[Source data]
%%
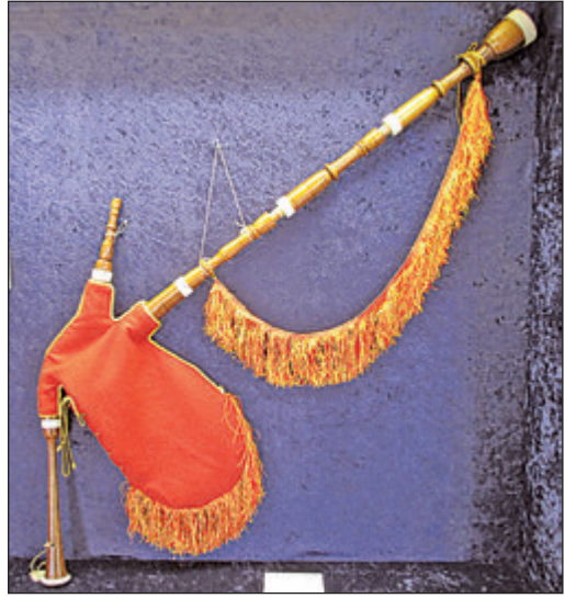
Diese Sackpfeife (Gaita gallega, Spanien) ist in der Ausstellung zu sehen.

Oberursel (ow). Die Stadt Oberursel ist wie 95 Prozent aller hessischen Kommunen an das kommunale IT-Dienstleistungsunternehmen ekom21 mit seinem Melderegister angebunden. Das Unternehmen ersetzt das bisherige Fachverfahren im Einwohnerwesen durch ein neu konzipiertes Einwohnermeldeverfahren. Die Umstellung wird in Oberursel vom 14. bis 17. Mai stattfinden. Das Einwohnerbüro bleibt daher am 15. Mai, dem Tag nach Christi Himmelfahrt, geschlossen. Die für die Anwendung der neuen Software erforderlichen Schulungen der Mitarbeiterinnen werden am 29. und 30. April durchgeführt. Das Einwohnerbüro muss deshalb auch an den zwei Tagen vor dem Maifeiertag geschlossen bleiben.
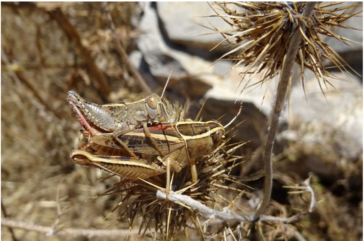
Lieu : Les Lavagnes 02-07-2020
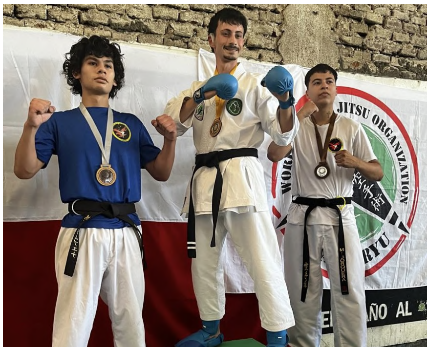
Este triunfo no solo reafirma el talento local, sino que les otorgó el pase directo al prestigioso Torneo Qiang Internacional

¡A seguir preparándose para dejar nuestra bandera en lo más alto en Bariloche!
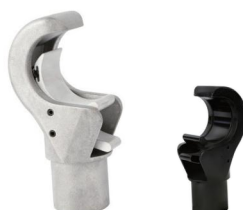
MODEL NO.: GE503/B

Tube: \Phi 35\text{mm}-\Phi 36\text{mm} Tube: \Phi 48\text{mm}-\Phi 49\text{mm} Tube: \Phi 50\text{mm}-\Phi 51\text{mm} 0.173kg 0.38kg 0.4kg
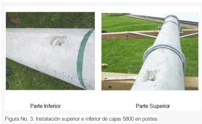
Figura No. 3. Instalación superior e inferior de cajas 5800 en postes

Cada poste debe incluir dos de estos kit, uno en la parte superior para la conexión a tierra de protecciones y equipos y otro en la parte inferior para la conexión a la varilla de puesta a tierra .
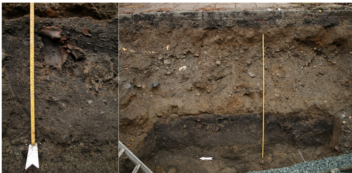
Figur 4. Nærbilde av dyrebein in situ i kulturlaget. Med ca. 0,55 m målestokk. Da63988_007 (venstre). Oversiktsbilde av den østlige profilen. Med 2 m målestokk. Da63988_001 (høyre).

Kulturlagsprofilen ble dekket til med fiberduk før gjenfyllingen.
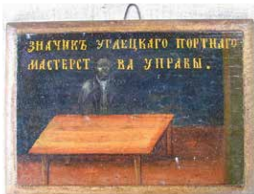
Ил. 26. Неизвестный художник. Знак угличского портного цеха. Конец XVIII века (?). Дерево; масло. 12 × 17. Угличский государственный историко-архитектурный и художественный музей. Инв. № УГ/КП-2577

Старшины цехов Костромы имели знаки, подобные тем, что официально были введены в России во второй половине XIX века, – в виде цепи с подвеской, носившейся на шее «во время исправления должности» 27 . И, хотя ремесленникам должностные знаки
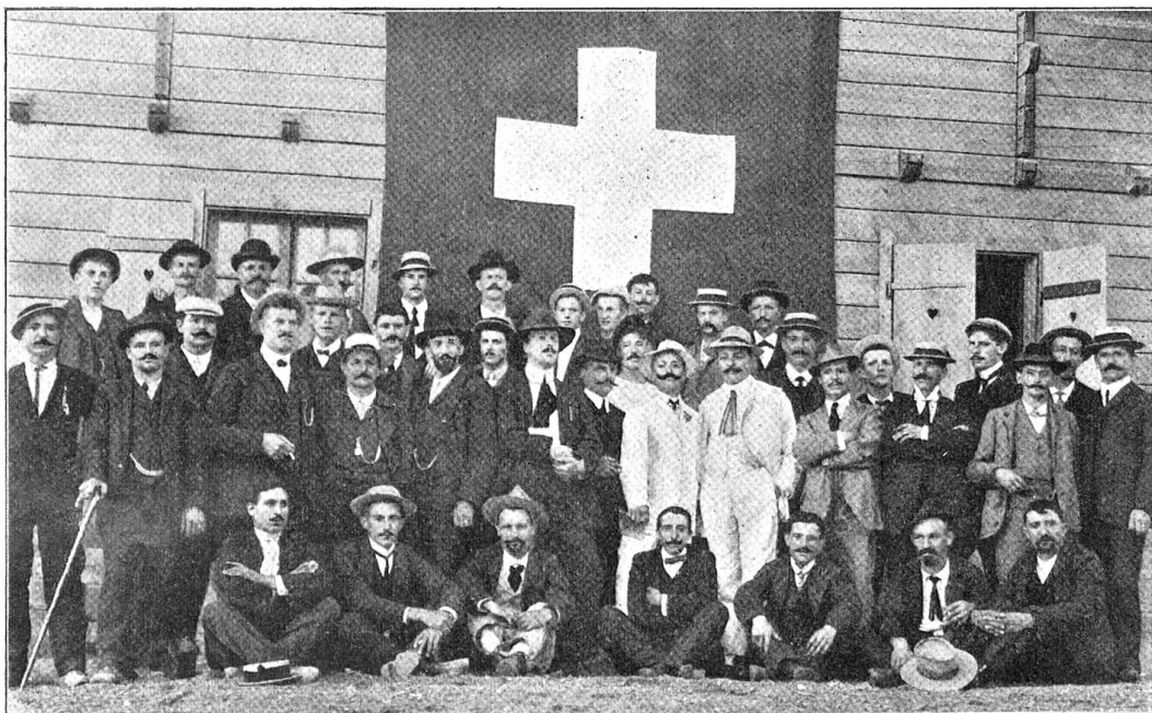
Bundesfeier in Reggio, 1. August 1909.

32 Wohnungen zu drei Zimmern, Küche, Veranda und Abort zu vergeben und nicht weniger als 260 Familien bewerben sich darum! Dabei werden alle irgendwie erreichbaren Einflüsse in Bewegung gesetzt und es macht sich das Temperament des Italieners sehr lebhaft geltend. Jeder erklärt sich selber für den Allercärmsten und Bedürftigsten und kann es nicht fassen, daß nicht er vor allen andern Berücksichtigung findet. Dabei muß gesagt werden, daß in all dem die Ubertreibung
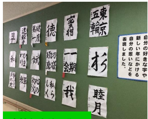
高等部生徒の作品
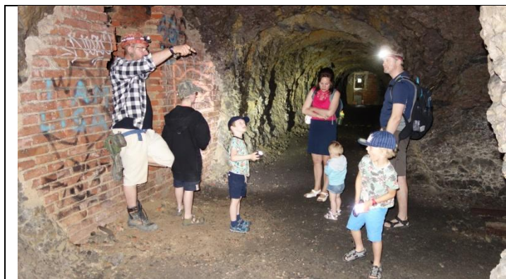
Komentovaná prohlídka branického podzemí

Tradiční akce pořádaná ČSOP. Součástí setkání byla možnost navštívit podzemní štoly. Zájemci se hlásili předem na konkrétní čas vstupu, čímž byl zajištěn plynulý průběh akce. Jeden průvodce zajistil odborný komentář při podzemní exkurzi, druhý zajišťoval přesuny skupin od stanoviště s netopýry do podzemí a zpět, další člověk prezentoval netopýry na stánku. Skupině 12 zájemců jsme umožnili vstup do podzemí v náhradním termínu, včetně prezentace živých netopýrů. Součástí akcí byla mobilní naučná stezka „Netopýří v ČR“ s vědomostním kvízem, za všechny správné odpovědi získali účastníci skládačku o pražských netopýrech a samolepky netopýrů na vylepení do skládačky. V Šárce mohli shlédnout výstavu na provázku Netopýr jako symbol.
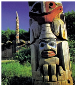
Studenti školy v Torontu v počítačové učebně, Vancouver a indiánský totem
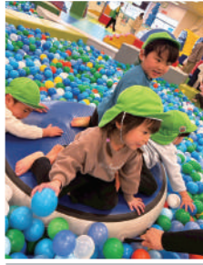
笑顔いっぱいボールプール
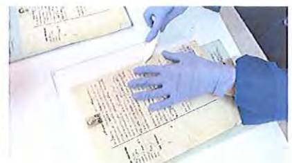
Fotografia 5: planificação pontual.
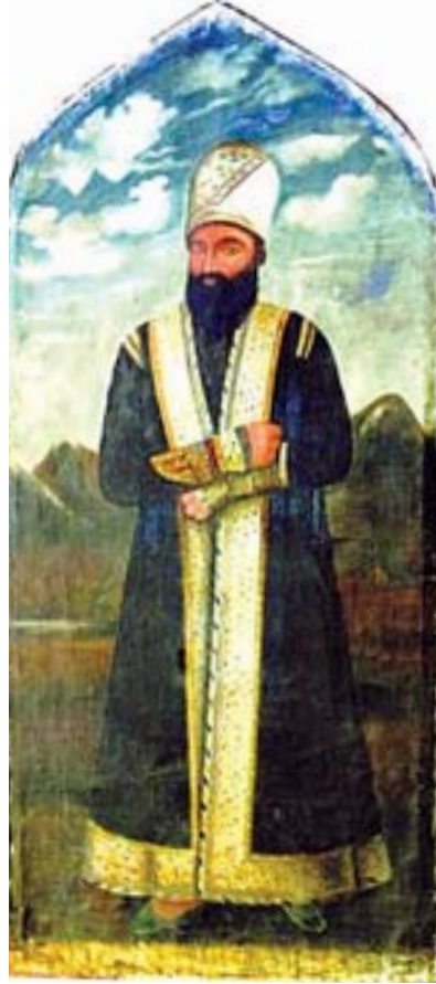
Şəkil 7. İrəvan xanı Hüseynqulu xan Qacar (1806-1827)

Sonuncu İrəvan xanı Hüseynqulu xan başqa xanlıqlardan olan qaçqın kəndliləri öz torpaqlarında məskunlaşdırmağa şərait yaradır, onlara əkin istehsal alətləri və qoşqu heyvanları verməklə müəyyən
%%
[Work required]: The records above are to be duplicated exactly, pictures left out.

[Task solution]:
Diese Sackpfeife (Gaita gallega, Spanien) ist in der Ausstellung zu sehen.

Oberursel (ow). Die Stadt Oberursel ist wie 95 Prozent aller hessischen Kommunen an das kommunale IT-Dienstleistungsunternehmen ekom21 mit seinem Melderegister angebunden. Das Unternehmen ersetzt das bisherige Fachverfahren im Einwohnerwesen durch ein neu konzipiertes Einwohnermeldeverfahren. Die Umstellung wird in Oberursel vom 14. bis 17. Mai stattfinden. Das Einwohnerbüro bleibt daher am 15. Mai, dem Tag nach Christi Himmelfahrt, geschlossen. Die für die Anwendung der neuen Software erforderlichen Schulungen der Mitarbeiterinnen werden am 29. und 30. April durchgeführt. Das Einwohnerbüro muss deshalb auch an den zwei Tagen vor dem Maifeiertag geschlossen bleiben.
Lieu : Les Lavagnes 02-07-2020
Este triunfo no solo reafirma el talento local, sino que les otorgó el pase directo al prestigioso Torneo Qiang Internacional

¡A seguir preparándose para dejar nuestra bandera en lo más alto en Bariloche!
MODEL NO.: GE503/B

Tube: \Phi 35\text{mm}-\Phi 36\text{mm} Tube: \Phi 48\text{mm}-\Phi 49\text{mm} Tube: \Phi 50\text{mm}-\Phi 51\text{mm} 0.173kg 0.38kg 0.4kg
Figura No. 3. Instalación superior e inferior de cajas 5800 en postes

Cada poste debe incluir dos de estos kit, uno en la parte superior para la conexión a tierra de protecciones y equipos y otro en la parte inferior para la conexión a la varilla de puesta a tierra .
Figur 4. Nærbilde av dyrebein in situ i kulturlaget. Med ca. 0,55 m målestokk. Da63988_007 (venstre). Oversiktsbilde av den østlige profilen. Med 2 m målestokk. Da63988_001 (høyre).

Kulturlagsprofilen ble dekket til med fiberduk før gjenfyllingen.
Ил. 26. Неизвестный художник. Знак угличского портного цеха. Конец XVIII века (?). Дерево; масло. 12 × 17. Угличский государственный историко-архитектурный и художественный музей. Инв. № УГ/КП-2577

Старшины цехов Костромы имели знаки, подобные тем, что официально были введены в России во второй половине XIX века, – в виде цепи с подвеской, носившейся на шее «во время исправления должности» 27 . И, хотя ремесленникам должностные знаки
Bundesfeier in Reggio, 1. August 1909.

32 Wohnungen zu drei Zimmern, Küche, Veranda und Abort zu vergeben und nicht weniger als 260 Familien bewerben sich darum! Dabei werden alle irgendwie erreichbaren Einflüsse in Bewegung gesetzt und es macht sich das Temperament des Italieners sehr lebhaft geltend. Jeder erklärt sich selber für den Allercärmsten und Bedürftigsten und kann es nicht fassen, daß nicht er vor allen andern Berücksichtigung findet. Dabei muß gesagt werden, daß in all dem die Ubertreibung
高等部生徒の作品
Komentovaná prohlídka branického podzemí

Tradiční akce pořádaná ČSOP. Součástí setkání byla možnost navštívit podzemní štoly. Zájemci se hlásili předem na konkrétní čas vstupu, čímž byl zajištěn plynulý průběh akce. Jeden průvodce zajistil odborný komentář při podzemní exkurzi, druhý zajišťoval přesuny skupin od stanoviště s netopýry do podzemí a zpět, další člověk prezentoval netopýry na stánku. Skupině 12 zájemců jsme umožnili vstup do podzemí v náhradním termínu, včetně prezentace živých netopýrů. Součástí akcí byla mobilní naučná stezka „Netopýří v ČR“ s vědomostním kvízem, za všechny správné odpovědi získali účastníci skládačku o pražských netopýrech a samolepky netopýrů na vylepení do skládačky. V Šárce mohli shlédnout výstavu na provázku Netopýr jako symbol.
Studenti školy v Torontu v počítačové učebně, Vancouver a indiánský totem
笑顔いっぱいボールプール
Fotografia 5: planificação pontual.
Şəkil 7. İrəvan xanı Hüseynqulu xan Qacar (1806-1827)

Sonuncu İrəvan xanı Hüseynqulu xan başqa xanlıqlardan olan qaçqın kəndliləri öz torpaqlarında məskunlaşdırmağa şərait yaradır, onlara əkin istehsal alətləri və qoşqu heyvanları verməklə müəyyən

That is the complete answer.